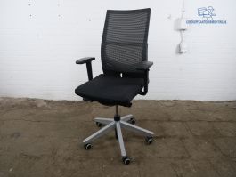 Deze tweedehands stoel is voorzien van een zwart gestoffeerde zitting en een mesh rugleuning, met daaronder een zilvergrijs onderstel. De stoel is kantelbaar, in hoogte verstelbaar en de armleuningen zijn 3D verstelbaar.
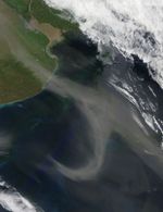 Peacock-colored, the South Atlantic Ocean was in full bloom: A display of blue and green streaks and swirls peek from beneath the dust storm. Cool currents and upwelling water along the edge of the continental shelf bring nutrient-rich water to the surface off the coast of northern Argentina. As a result, tiny plant-like organisms, phytoplankton, thrive in this part of the South Atlantic Ocean.
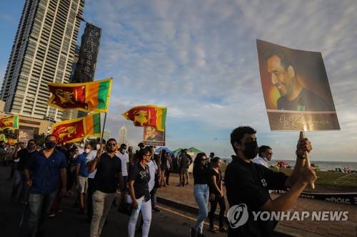 epa09952900 Protesters shout slogans and wave Sri Lankan flags during a protest in front of the Presidential Secretariat in Colombo, Sri Lanka, 17 May 2022. Thousands of protesters stage the Occupy Galle Face protest since over a month in front of the Presidential Secretariat calling for the resignation of the president over the alleged failure to address the economic crisis. Sri Lanka faces its worst economic crisis in decades due to the lack of foreign exchange, resulting in severe shortages in food, fuel, medicine, and imported goods. EPA/CHAMILA KARUNARATHNE
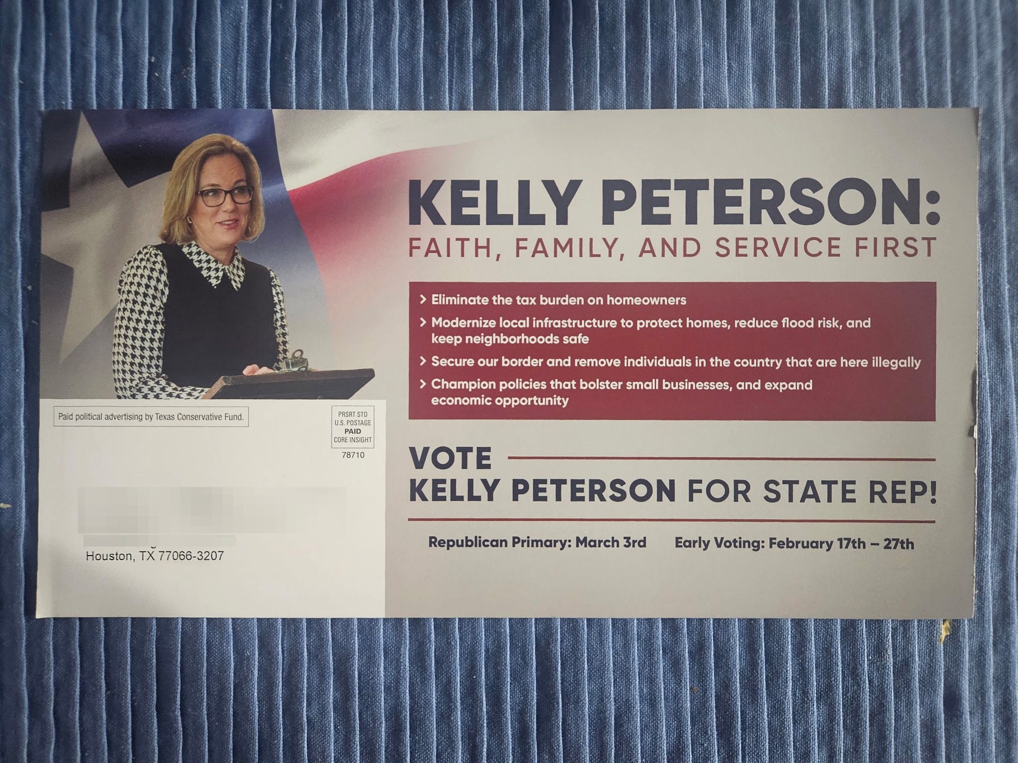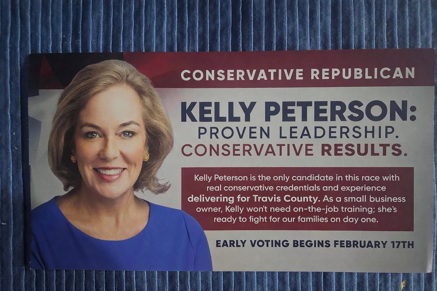 Republican candidate for HD126 Kelly Peterson recently sent out a mailer to Harris County constituents saying she would be the best choice for Travis County.
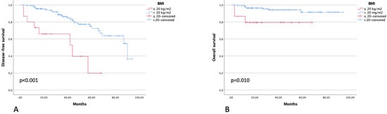 DFS (A) and OS (B) in patients with BMI of ≤20 and >20 kg/m2.
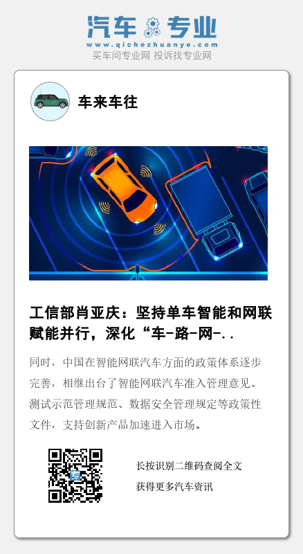 同时,肖亚庆还认为,应该加快强关键技术创新,支持龙头企业和制造业创新中心,聚焦关键技术,开展联合攻关,推动整车平台、自动驾驶平台等研发及产业化。同时,要加快规模化示范应用,以城市/区域为载体,深化“车-路-网-云”协同发展,扩大北斗导航、5G通信等技术和产品应用。
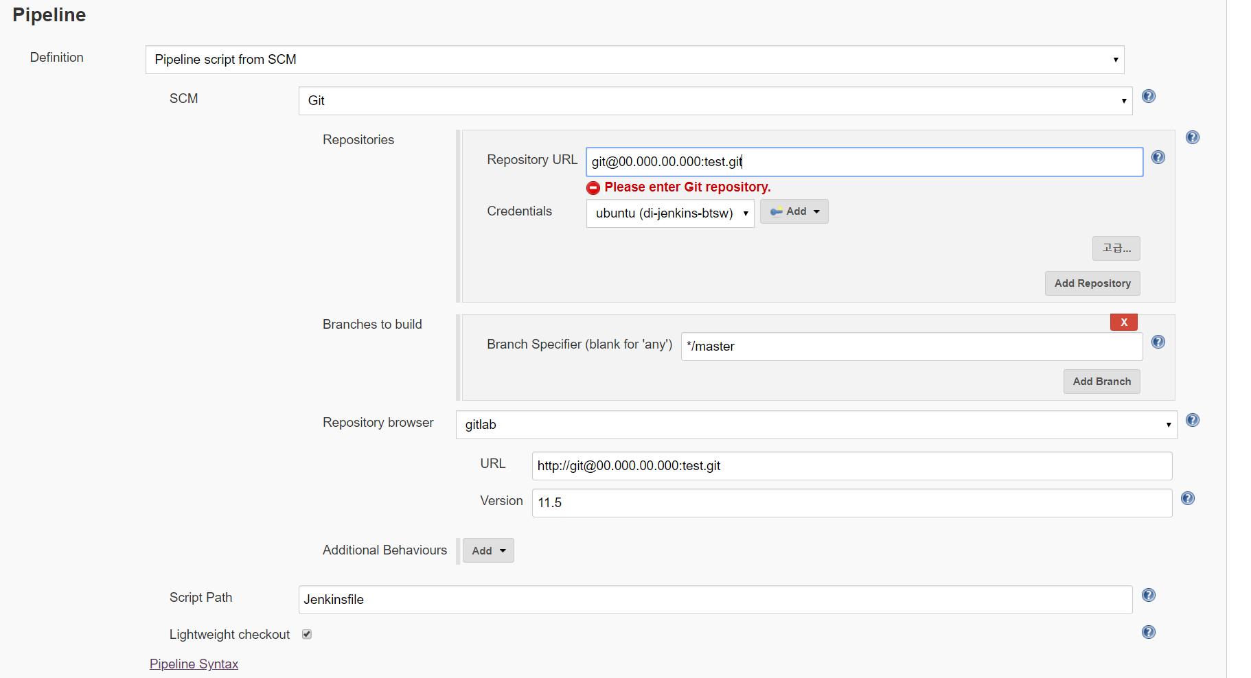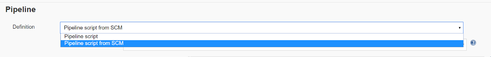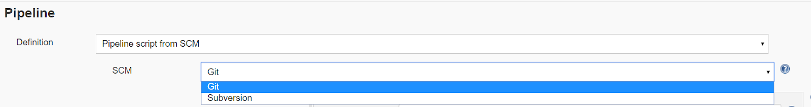 파이프라인 설정 방법은 직접 script 작성 외 SCM (Source Code Management)으로 부터 파이프라인을 불러와 실행 시킬 수 있음
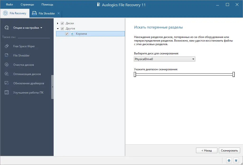 - Восстановление удалённых файлов, в том числе и после очистки корзины или форматирования.
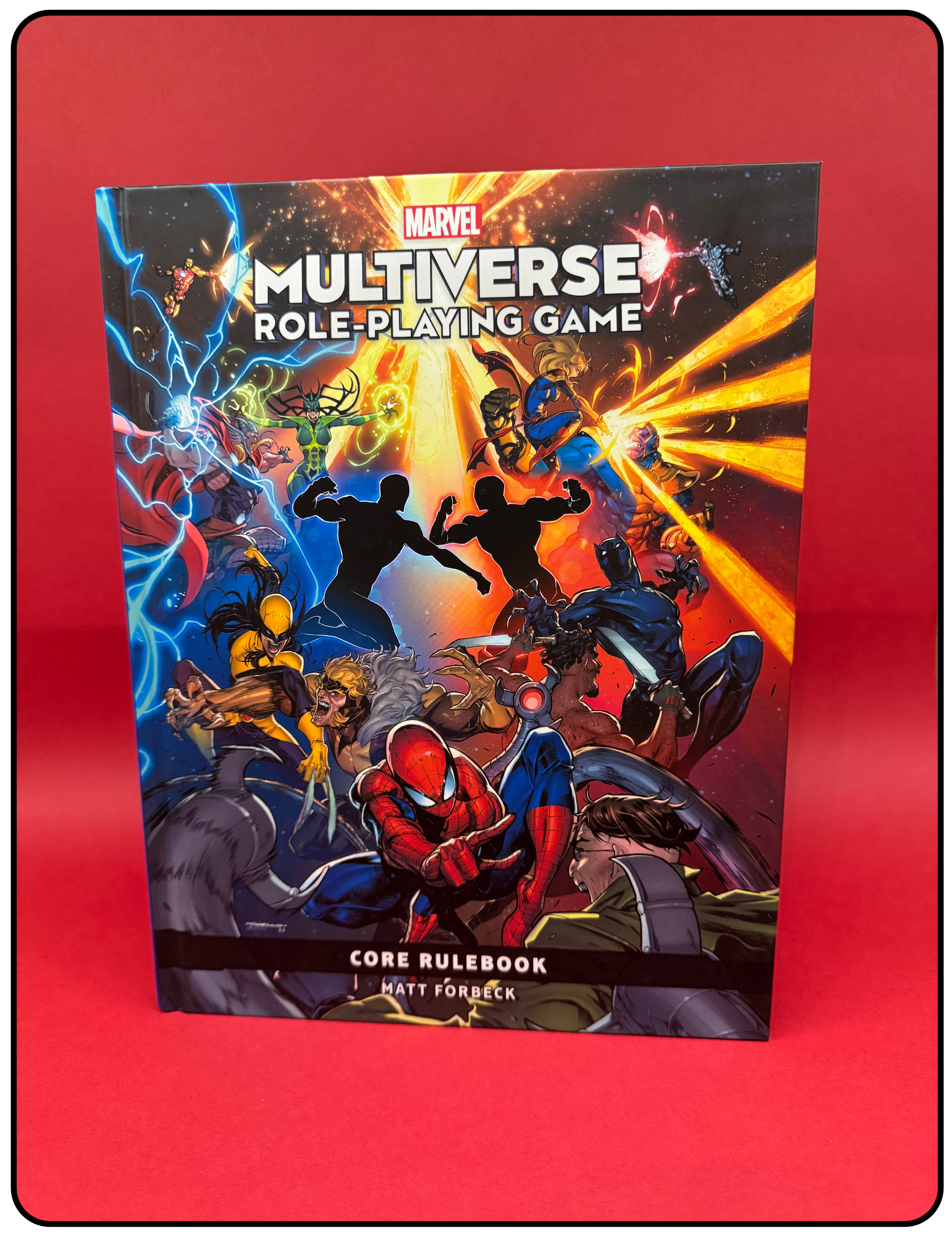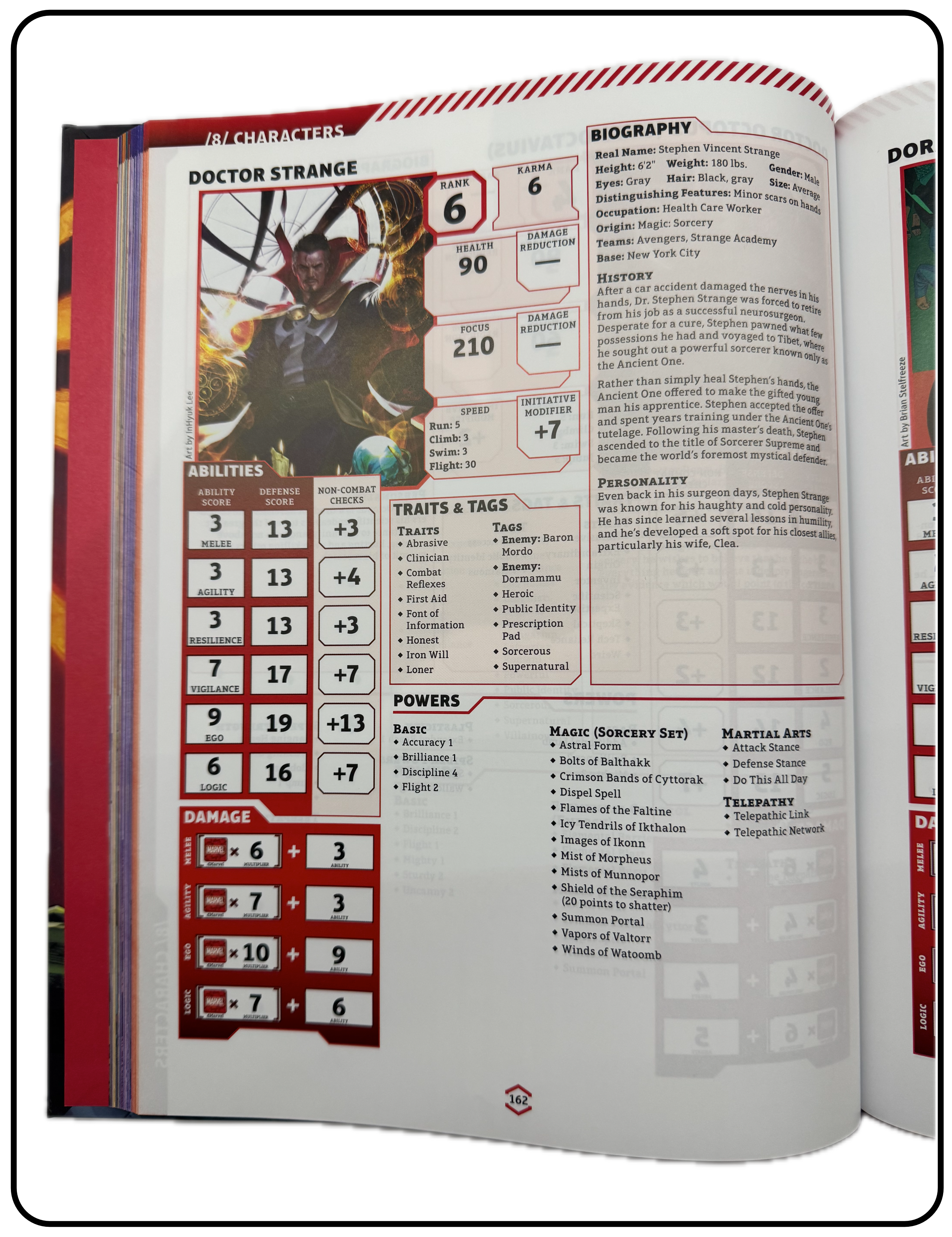 Name: Marvel Multiverse Role-playing Game Core Rulebook Company: Marvel Worldwide, Inc. Type: Rule Book Year: 2023 Catalog Number: 07:03:12:0003:C21 Main Category: Games Sub Category: Role-playing Games Secondary Category: Books Details: This is the 320 page core rulebook by Matt Forebeck for the Marvel Multiverse Role-playing game introduced in 2023. Dr. Strange appears on numerous pages throughout the book. His character sheet is on page 162 and has a rank of 6 (cosmic).

= = = =

> _Your goal_: Beginning at the line that contains "- Восстановление удалённых", give the remaining lines of the records again exactly, through the last one. Leave out pictures.

> _Reply to the exercise_:
 - Восстановление удалённых файлов, в том числе и после очистки корзины или форматирования.
 Name: Marvel Multiverse Role-playing Game Core Rulebook Company: Marvel Worldwide, Inc. Type: Rule Book Year: 2023 Catalog Number: 07:03:12:0003:C21 Main Category: Games Sub Category: Role-playing Games Secondary Category: Books Details: This is the 320 page core rulebook by Matt Forebeck for the Marvel Multiverse Role-playing game introduced in 2023. Dr. Strange appears on numerous pages throughout the book. His character sheet is on page 162 and has a rank of 6 (cosmic).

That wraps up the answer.